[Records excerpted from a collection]
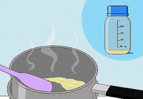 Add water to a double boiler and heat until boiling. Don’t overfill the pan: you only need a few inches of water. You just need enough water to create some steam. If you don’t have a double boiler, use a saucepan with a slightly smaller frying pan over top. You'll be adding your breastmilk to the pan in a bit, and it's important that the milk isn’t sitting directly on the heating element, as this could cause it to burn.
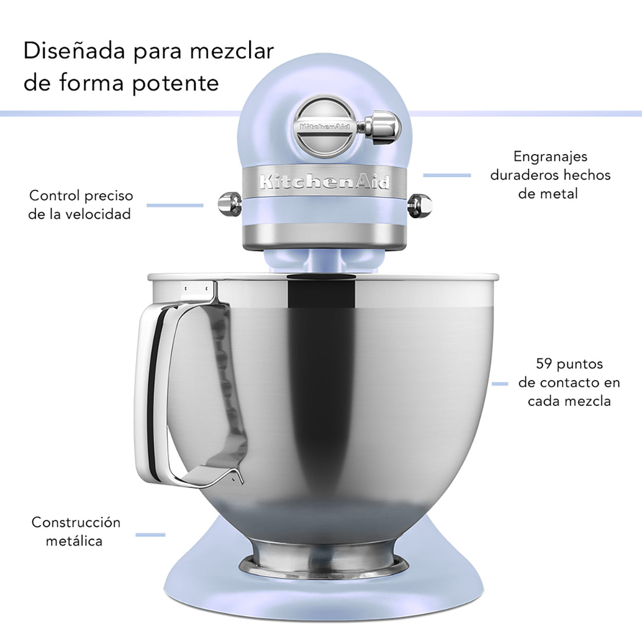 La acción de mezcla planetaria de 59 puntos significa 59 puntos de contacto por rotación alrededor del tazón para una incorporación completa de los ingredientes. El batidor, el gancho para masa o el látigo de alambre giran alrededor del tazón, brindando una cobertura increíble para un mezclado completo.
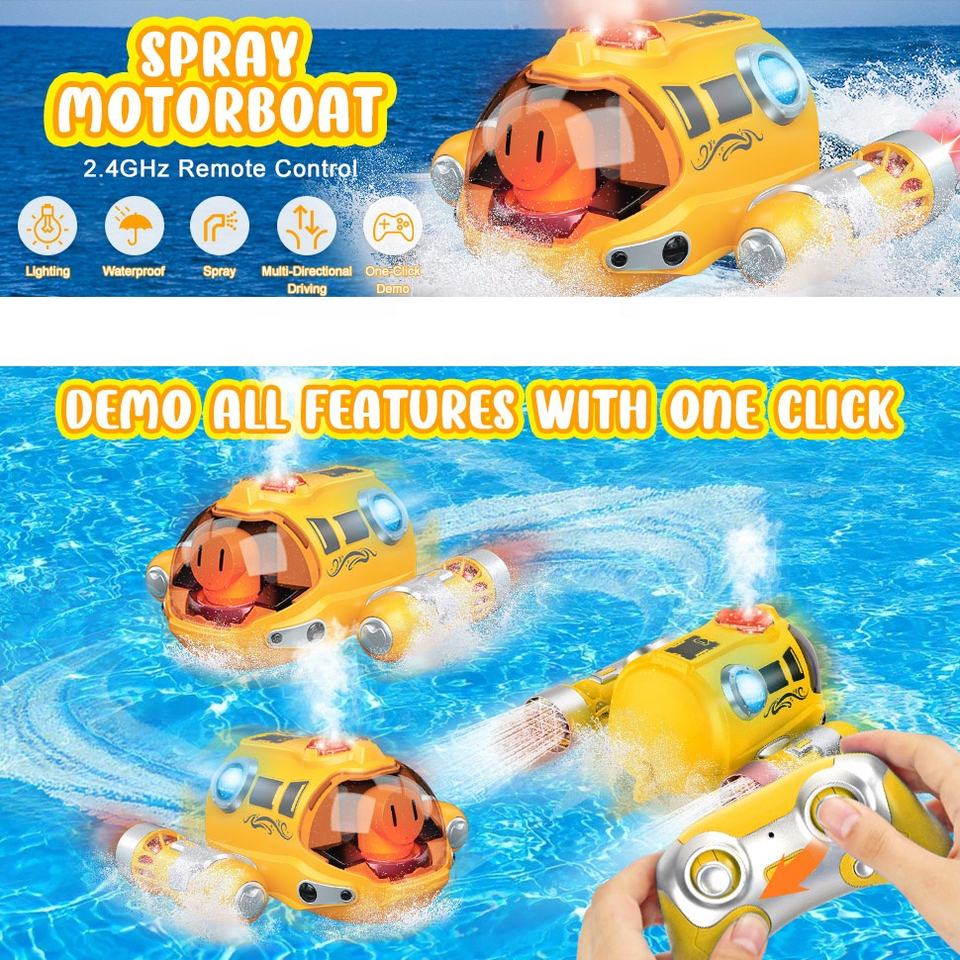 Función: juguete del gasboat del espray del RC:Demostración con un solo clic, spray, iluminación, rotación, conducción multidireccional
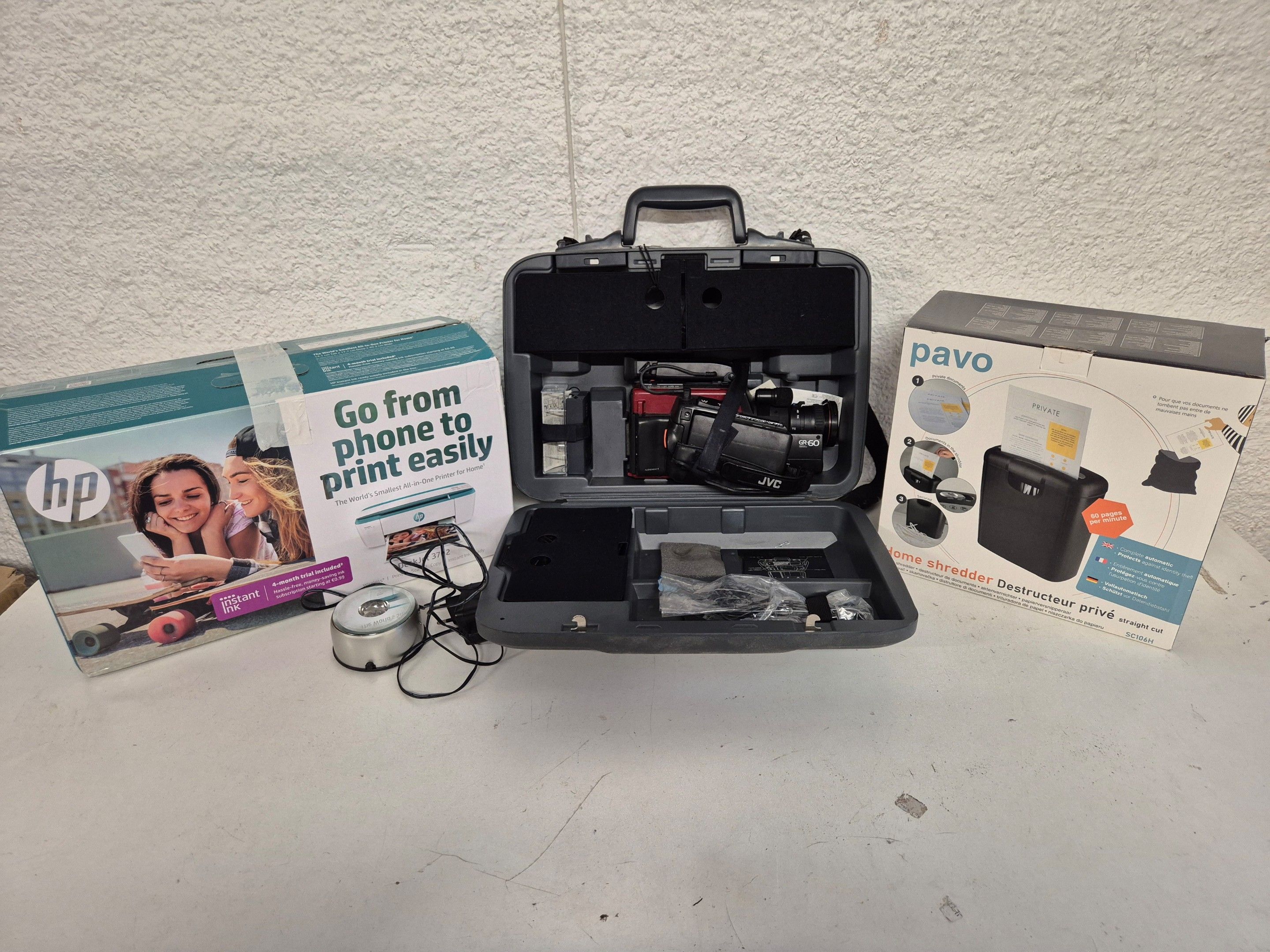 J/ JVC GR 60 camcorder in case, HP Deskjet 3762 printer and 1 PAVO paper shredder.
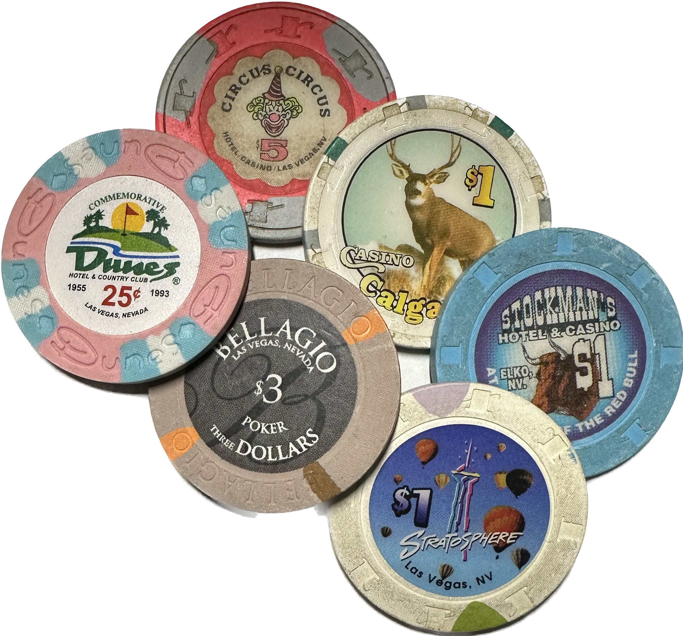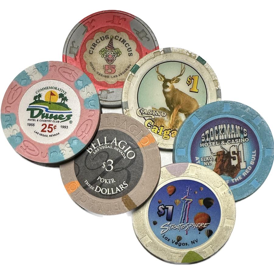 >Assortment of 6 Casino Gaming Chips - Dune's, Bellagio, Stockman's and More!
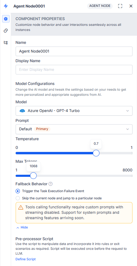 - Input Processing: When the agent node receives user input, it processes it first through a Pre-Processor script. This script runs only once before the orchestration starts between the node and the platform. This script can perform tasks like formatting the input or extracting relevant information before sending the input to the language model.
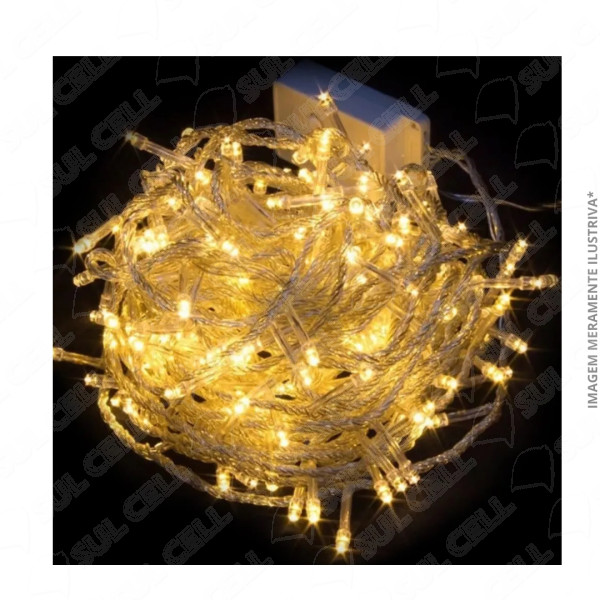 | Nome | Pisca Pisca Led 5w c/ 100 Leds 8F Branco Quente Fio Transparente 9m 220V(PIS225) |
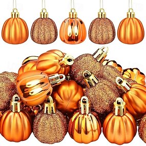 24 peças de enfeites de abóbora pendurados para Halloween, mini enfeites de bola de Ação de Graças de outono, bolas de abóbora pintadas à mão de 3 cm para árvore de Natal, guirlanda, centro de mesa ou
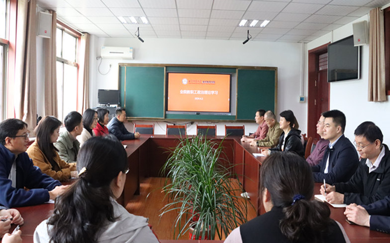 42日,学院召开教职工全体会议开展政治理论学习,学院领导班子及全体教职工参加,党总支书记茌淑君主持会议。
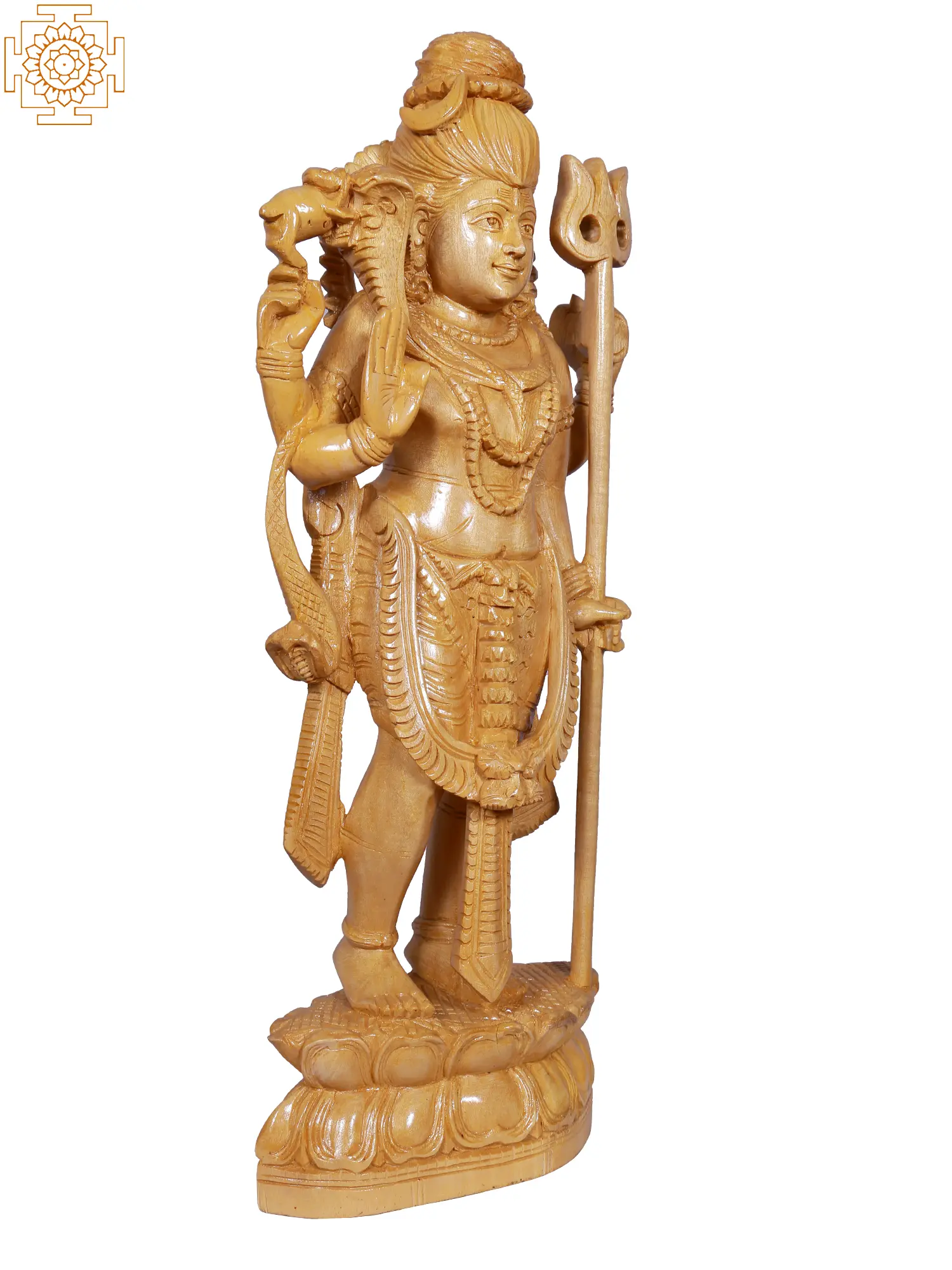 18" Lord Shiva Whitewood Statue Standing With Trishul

# Task details
Take the line containing "Función: juguete del" as the first and the last line of the records as the end. Print every line in that span exactly, leaving out pictures.

# Output below
 Función: juguete del gasboat del espray del RC:Demostración con un solo clic, spray, iluminación, rotación, conducción multidireccional
 J/ JVC GR 60 camcorder in case, HP Deskjet 3762 printer and 1 PAVO paper shredder.
 >Assortment of 6 Casino Gaming Chips - Dune's, Bellagio, Stockman's and More!
 - Input Processing: When the agent node receives user input, it processes it first through a Pre-Processor script. This script runs only once before the orchestration starts between the node and the platform. This script can perform tasks like formatting the input or extracting relevant information before sending the input to the language model.
 | Nome | Pisca Pisca Led 5w c/ 100 Leds 8F Branco Quente Fio Transparente 9m 220V(PIS225) |
 24 peças de enfeites de abóbora pendurados para Halloween, mini enfeites de bola de Ação de Graças de outono, bolas de abóbora pintadas à mão de 3 cm para árvore de Natal, guirlanda, centro de mesa ou
 42日,学院召开教职工全体会议开展政治理论学习,学院领导班子及全体教职工参加,党总支书记茌淑君主持会议。
 18" Lord Shiva Whitewood Statue Standing With Trishul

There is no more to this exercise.